A philosopher’s critique of RLHF

In the spring, I went to a talk with Brian Christian at Yale. He talked about his book, The Alignment Problem, and then there was an audience Q&A. There was a really remarkable question in that Q&A, which I have transcribed here. It came from the Yale philosophy professor L.A. Paul. I have since spoken to Professor Paul, and she has done some work on AI (and coauthored the paper “Effective Altruism and Transformative Experience”) but my general impression was that she hasn’t yet spent a huge amount of time thinking about AI safety. Partly because of this question, I invited her to speak at the CAIS Philosophy Fellowship, which she will be doing in the spring.

The transcript below really doesn’t do her question justice, so I’d recommend watching the recording, starting at 55 minutes.

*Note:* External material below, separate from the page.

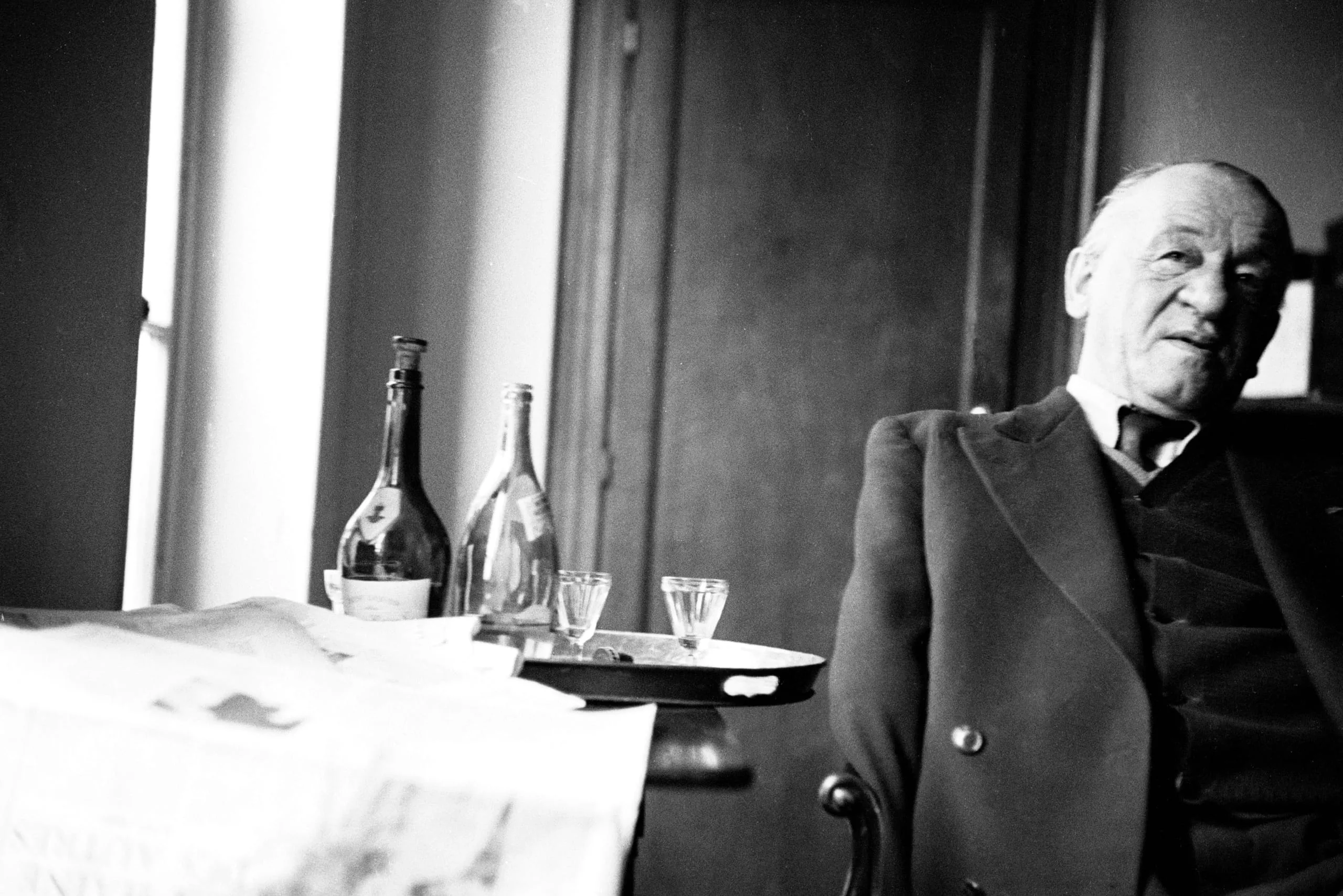 Black and white photograph of an elderly man seated in a chair beside a table holding two bottles and small glasses on a tray, lit by a bright window
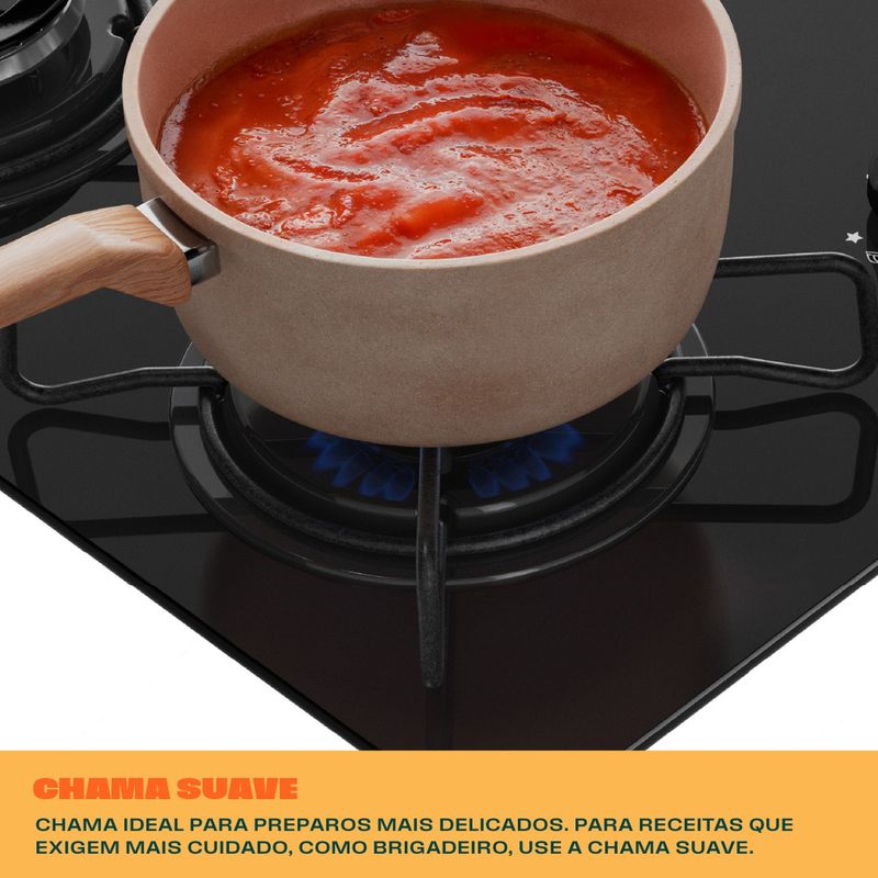Chama ideal para preparos mais delicados. Para receitas que exigem mais cuidado, como brigadeiro, use a Chama Suave. Mais versatilidade para seus preparos.

During the talk, Brian Christian described reinforcement learning from human feedback (RLHF), specifically the original paper, where a model was trained with a reward signal generated by having humans rate which of two videos of a simulated robot was closer to a backflip. Paul’s question is about this (punctuation added, obviously):

L.A. Paul: So, I found it very interesting, but I’m just not fully understanding the optimistic note you ended on...so, in that example, what was key was that the humans that did the “better” thing, knew what a backflip was. It was something they recognized. It was something they recognized so they could make a judgment. But the real issue for us is recognizing, or for machines is recognizing, entirely new kinds of events, like a pandemic, or a president that doesn’t follow the rule of law, or something interesting called the internet, you know there’s radically new technological advances. And when something like that happens, those rough judgments of “this is better than that”… In other words, those new things: first, we’re terrible at describing them before they come and predicting them. (Although, humans are very good at a kind of one shot learning, so they can make judgments quite quickly. Machines are not like that).

L.A. Paul: Moreover, these better-than judgments that the machine might be relying on could I think quite straightforwardly be invalidated, because everything changes, or deep things change, in all kinds of unexpected ways. That just seems to be...that’s the real problem. It’s not… using machines for things that we already have control over. No, it’s about trust with entirely new categories of events. So, I was just sort of deeply unclear on… I mean that seems like a nice thing...but that’s not, for me, the real alignment problem.

Brian Christian: [Agrees, and then talks about calibrated uncertainty in models.]

L.A. Paul: Sorry, there’s a difference between uncertainty, where you’re not sure if it’s A, B, or C, and unknown, OK, which is a different kind of uncertainty in probabilistic literature. And then you haven’t got, oh is it A, is it B, is it C? It’s some other kind of thing that you can’t classify and that’s the problem I’m trying to target.

I’m not claiming that these are original ideas or that they represent all possible critiques of RLHF. Rather:

  • I think that the phrasing is especially crisp (for speaking, I’m sure she could write it even more crisply).

  • I think it’s interesting that somebody who is very intelligent and accomplished in philosophy but is not (I think) steeped in the alignment literature could seemingly easily carve this problem at its joints.

Also, the rest of the talk is pretty good too! Especially the Q&A, there were some other pretty good questions (including one from myself). But this one stood out for me.